- **What to do**
In the entries that follow, repeat exactly the lines from the one that has "Turquoise ovale sertie" through the one that has "Декрет СНК РСФСР", but omit pictures.

- **Input records**
++++++

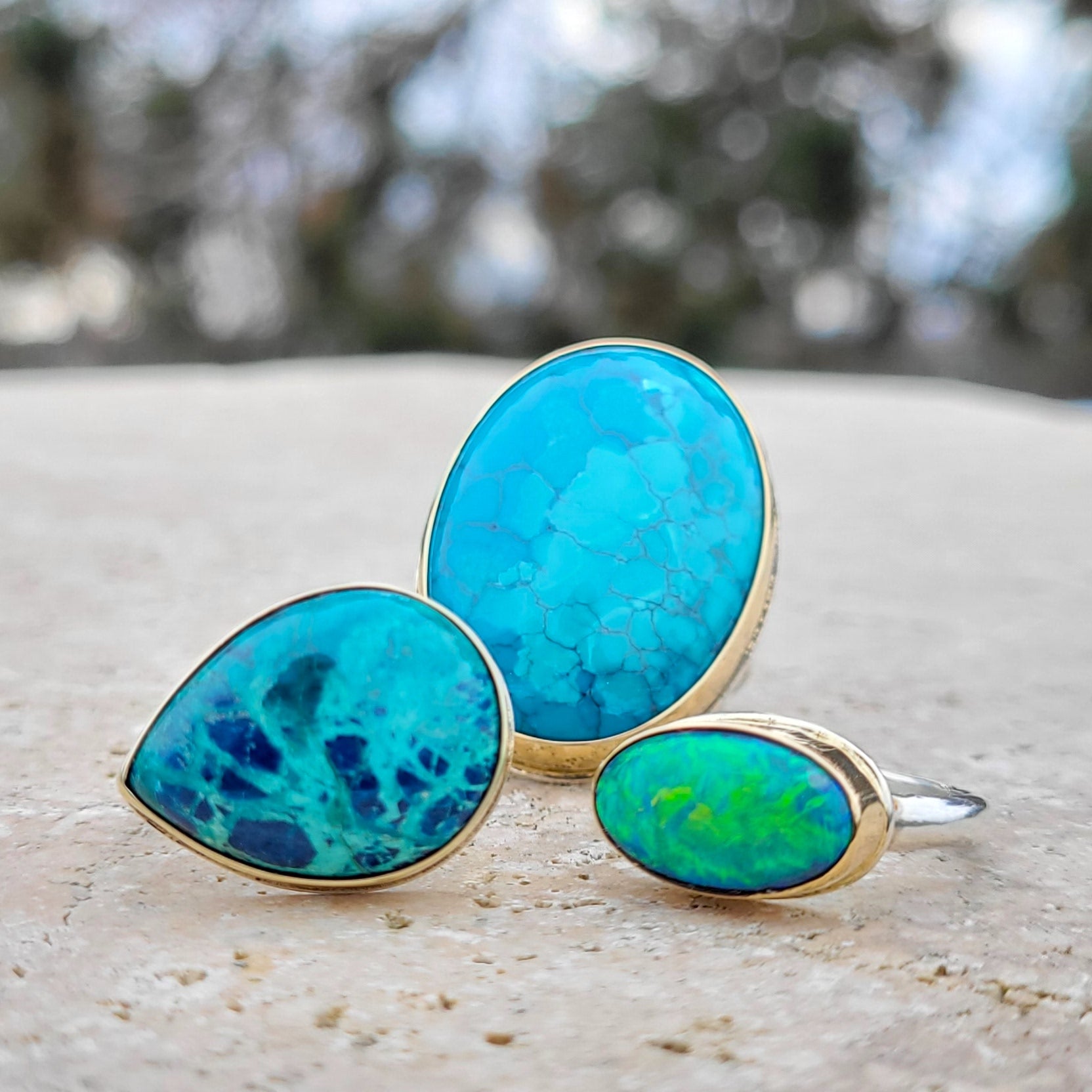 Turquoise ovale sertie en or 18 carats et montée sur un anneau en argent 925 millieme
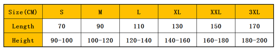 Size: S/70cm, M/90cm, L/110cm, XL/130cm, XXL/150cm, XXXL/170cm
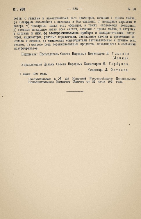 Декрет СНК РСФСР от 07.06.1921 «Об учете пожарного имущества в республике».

++++++

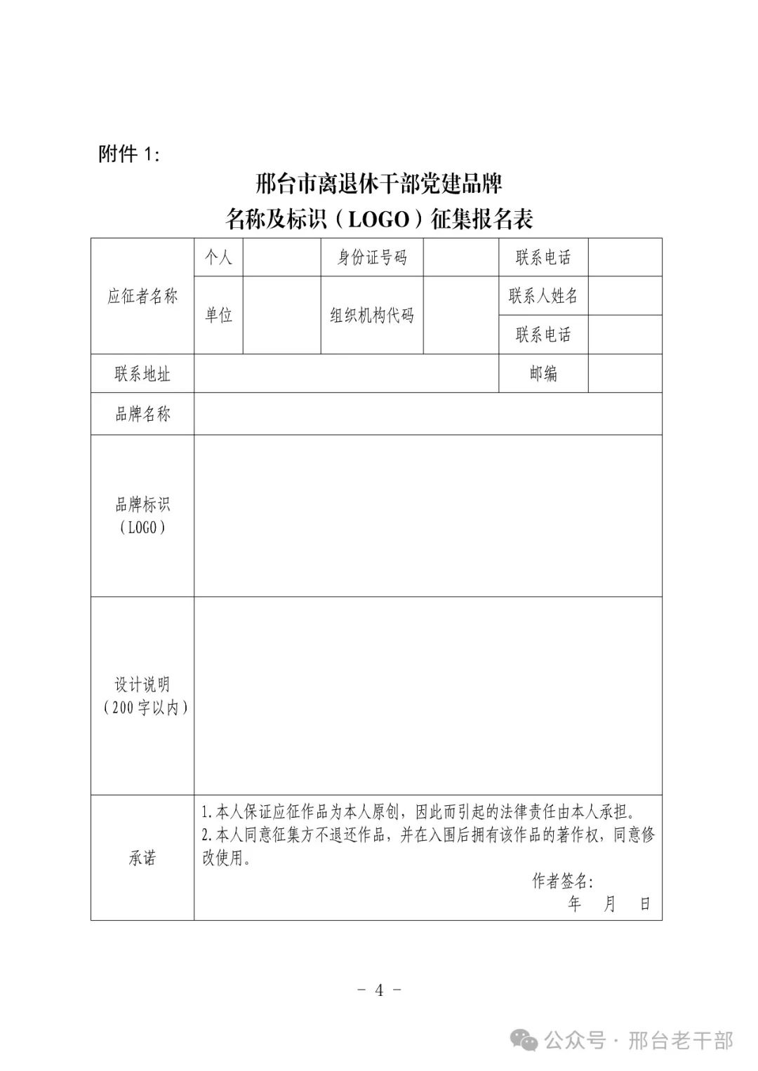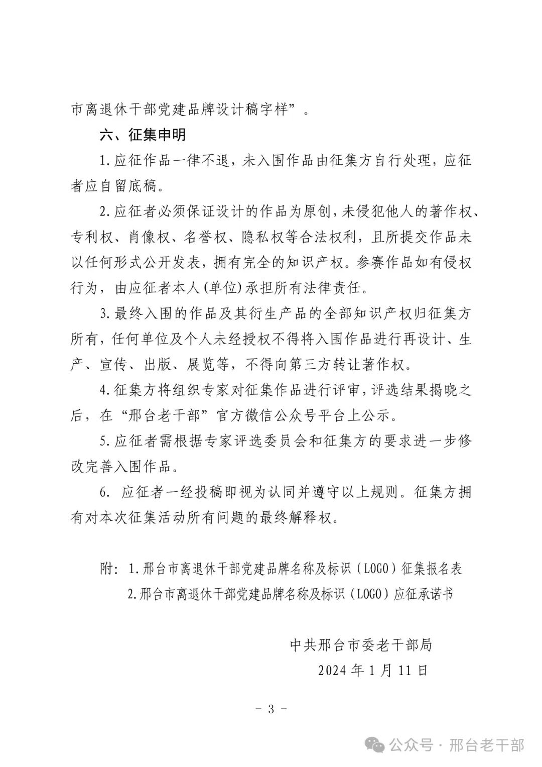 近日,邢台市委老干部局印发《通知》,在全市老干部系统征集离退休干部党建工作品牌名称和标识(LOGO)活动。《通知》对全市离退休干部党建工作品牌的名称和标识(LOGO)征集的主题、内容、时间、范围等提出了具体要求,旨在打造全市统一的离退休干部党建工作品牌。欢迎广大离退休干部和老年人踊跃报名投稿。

++++++

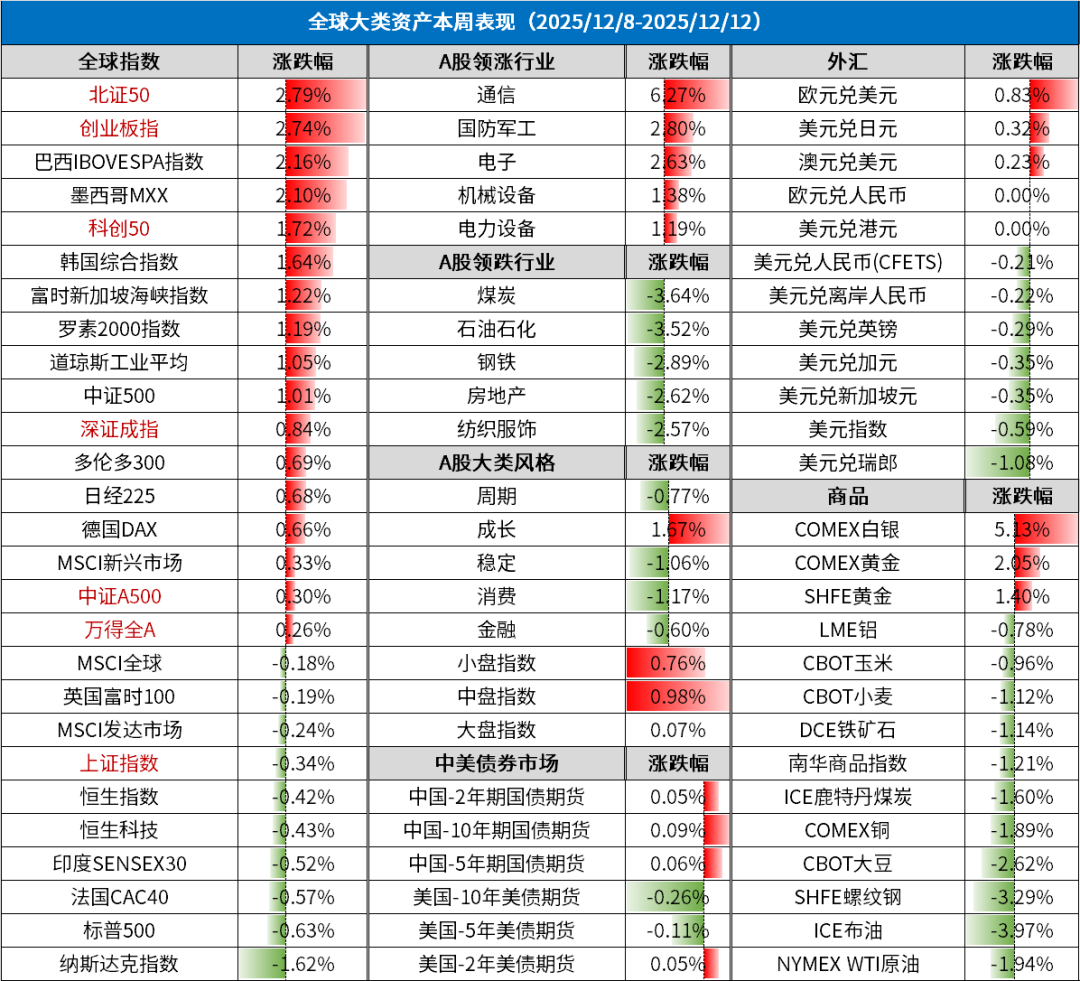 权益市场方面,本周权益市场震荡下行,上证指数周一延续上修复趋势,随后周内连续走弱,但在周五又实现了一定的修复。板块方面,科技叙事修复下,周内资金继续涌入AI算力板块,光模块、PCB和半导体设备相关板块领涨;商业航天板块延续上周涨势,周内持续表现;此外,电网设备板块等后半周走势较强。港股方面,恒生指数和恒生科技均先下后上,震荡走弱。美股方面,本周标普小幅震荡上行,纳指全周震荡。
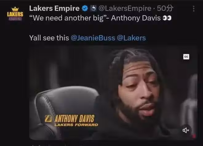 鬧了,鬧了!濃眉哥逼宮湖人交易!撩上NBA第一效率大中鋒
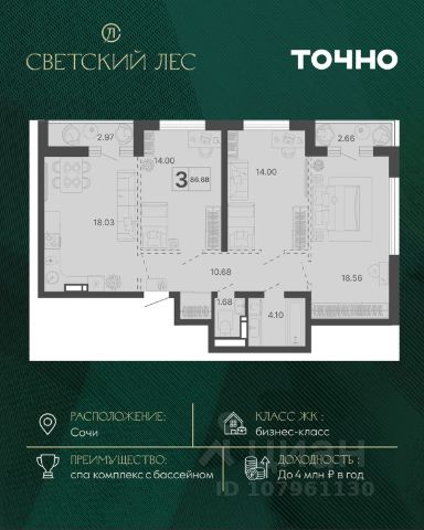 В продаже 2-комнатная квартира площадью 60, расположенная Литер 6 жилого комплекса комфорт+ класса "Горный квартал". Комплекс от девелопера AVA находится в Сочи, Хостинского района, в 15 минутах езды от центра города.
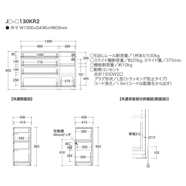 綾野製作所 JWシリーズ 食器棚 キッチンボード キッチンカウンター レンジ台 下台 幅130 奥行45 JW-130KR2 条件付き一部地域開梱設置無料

++++++

- **Output for this exercise**
 Turquoise ovale sertie en or 18 carats et montée sur un anneau en argent 925 millieme
 Size: S/70cm, M/90cm, L/110cm, XL/130cm, XXL/150cm, XXXL/170cm
 Декрет СНК РСФСР от 07.06.1921 «Об учете пожарного имущества в республике».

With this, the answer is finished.